ScienceDaily (Dec. 4, 1998) — Microelectronics may be a growth industry, but the devices it produces are getting smaller every year. Just how "micro" can electronic devices go?

Weizmann Institute scientists have provided one of the answers to this question. Making simple and elegant use of a chemical theory of liquids, they developed a way to predict the minimal possible size of bipolar transistors, one of the major types of transistors commonly used in microelectronics. They then managed to manufacture such a tiny structure using the experimental semiconductor copper indium diselenide. With an inner core of just 20 nanometers (billionths of a meter) and total width of 50 nanometers -- less than one-thousandth the width of a human hair -- the device is five times smaller than today's smallest standard transistors of this type.

This research, reported recently in Applied Physics Letters, was performed by doctoral student Shachar Richter, working with Prof. David Cahen of the Materials and Interfaces Department, Dr. Yishay Manassen, formerly of Weizmann's Chemical Physics Department and now a professor of physics at Ben-Gurion University of the Negev, and Dr.
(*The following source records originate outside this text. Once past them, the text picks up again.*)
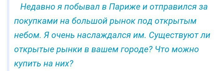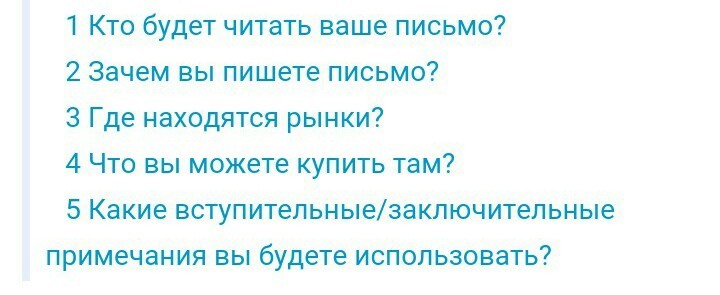 мое письмо будет читать мой друг, который живет в другом городе. Я пишу это письмо чтобы познакомить его с нашим городом, рассказать о его повседневной жизни. рынков в городе очень много, по нескольку в каждом районе города, в основном рядом с жилыми кварталами. на рынках можно купить множество разных вещей от еды и одежды до инструментов и животных. когда я буду писать письмо, я обязательно попрошу своего друга, чтобы он рассказал мне что-нибудь интересное о своем городе.
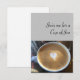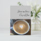 Bild von Cappuccino auf grauem Hintergrund mit den Worten "Join me for a Cup of Joe". Bleiben Sie auf der Rückseite für Ihre Nachricht.
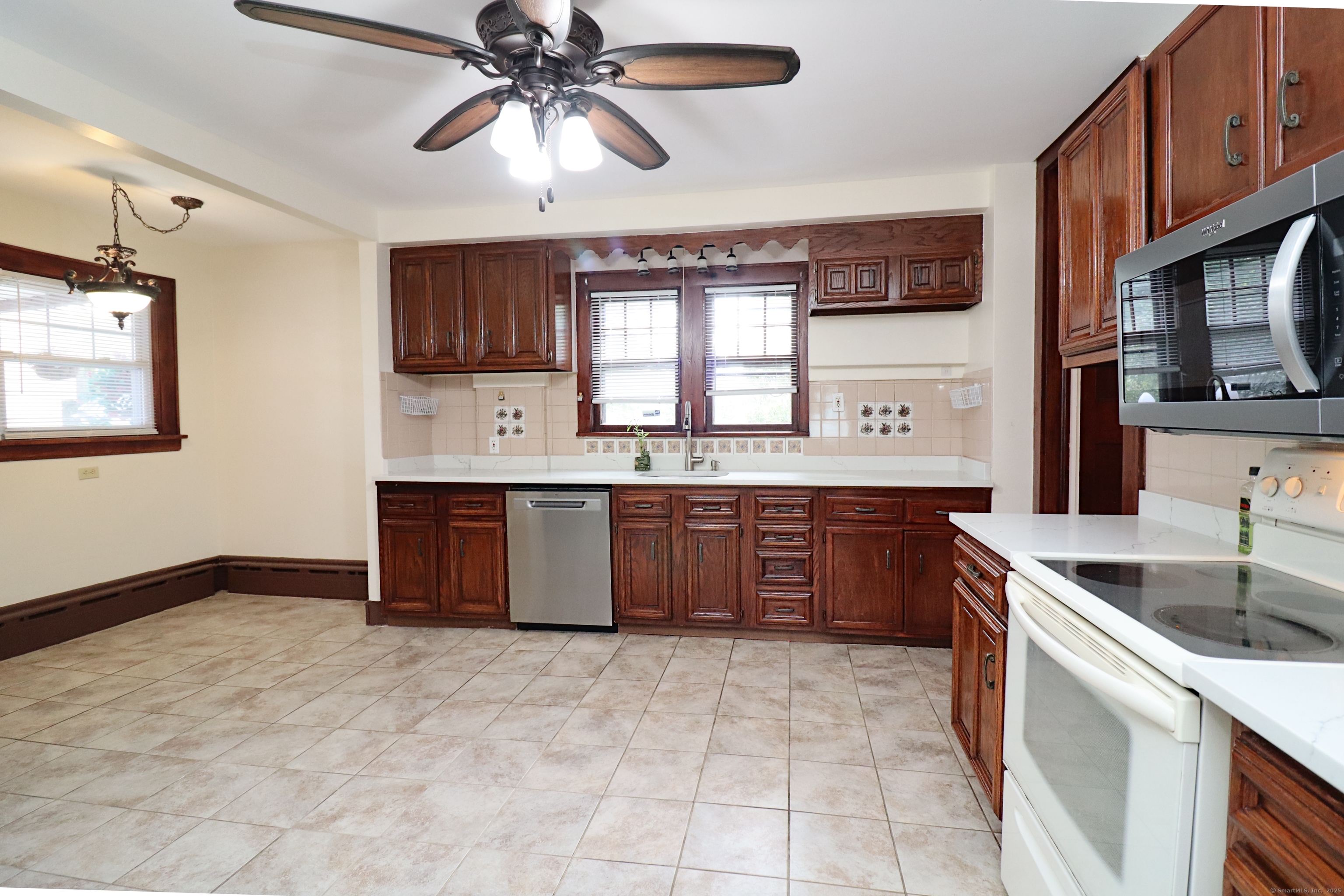 Welcome to 230 Hickory Street, an exquisite architectural structure constructed in 1926 with a rich character, situated in the vibrant North Bridgeport, 06610. This elegant residence features three bedrooms, complemented by a fourth room that may serve as your ideal family room, a cozy guest bedroom, or a productive home office tailored to your needs. The property contains an impressive 1,819 square feet of living space on a generous 0.23-acre lot. This home embodies traditional craftsmanship and a timeless charm through its brick, stone, and stucco facade. The 10,018 square foot yard provides ample space for outdoor entertaining, privacy, gardening, or tranquil relaxation, complemented by a new Trex Timbertech deck/patio for various backyard activities. Other amenities include a lawn sprinkler system, an updated gutter system, a new furnace, a new water heater, professional landscaping, and a privately fenced yard. The interior showcases a cozy fireplace, refined hardwood floors, new granite countertops, an updated 2-car garage floor, and a professionally painted interior. The well-equipped basement extends the functional use of more added space, featuring a laundry room, a generous storage area, a utility area, and an open space finished with a durable concrete and stone fireplace, ideal for various uses.

Sidney Cohen, head of Weizmann's Surface Analysis Unit.

In his research, Richter used atomic force microscopy -- a technique in which a phonograph-like stylus probes the surface of a material -- to manipulate atoms in a semiconductor. Normally, such microscopes can only shift atoms on the surface of a material, but Richter, building on earlier research by Prof. Cahen, managed to move these atoms around inside the semiconductor.

Richter achieved his results by applying a voltage to the semiconductor and passing a current through the material. Aided by the slight heating produced by the current, the voltage caused atoms called dopants, which determine the material's conductivity, to be propelled in a particular direction. Even though only 100 to 200 dopants were moved in this manner, this sufficed to produce a tiny transistor. It consisted of a hemispherical layer of relatively high conductivity containing the redistributed dopants, flanked on both sides by material with different conductivity.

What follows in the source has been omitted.